Vaak kunnen gebruikers merken dat we geen toegang hebben tot een computer op ons netwerk, een website, een bron op het netwerk, enz. Dat is de reden waarom een van de meest nuttige hulpmiddelen die we hebben om verbindingsproblemen te diagnosticeren de zogenaamde " tracert "Of" traceroute ”Waarmee we weten welke route we passeren totdat we de bestemmingshost bereiken. In dit artikel zullen we uitleggen waar het voor is, hoe het kan worden gebruikt en welke opties deze opdracht op alle besturingssystemen heeft.

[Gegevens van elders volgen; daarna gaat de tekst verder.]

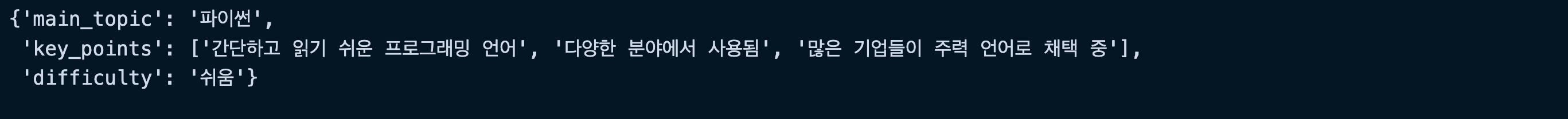 - 자연어 응답을 JSON, 딕셔너리, Pydantic Model 등 구조화된 형식으로 변환

Wat is Tracert of Traceroute
De Tracert-opdracht wordt uitgevoerd in de opdrachtpromptconsole op Windows besturingssystemen. Dankzij dit commando kunnen we pakketten bijhouden die van een host komen. Wanneer we het "Tracert" -commando uitvoeren, krijgen we een statistiek van de netwerklatentie van deze pakketten, wat een schatting is van de afstand waarop de communicatie eindigt. Deze opdracht is niet exclusief voor Windows-besturingssystemen, op UNIX, Linux en OSX heet dit commando "Traceroute" en doet hetzelfde als in Windows-besturingssystemen.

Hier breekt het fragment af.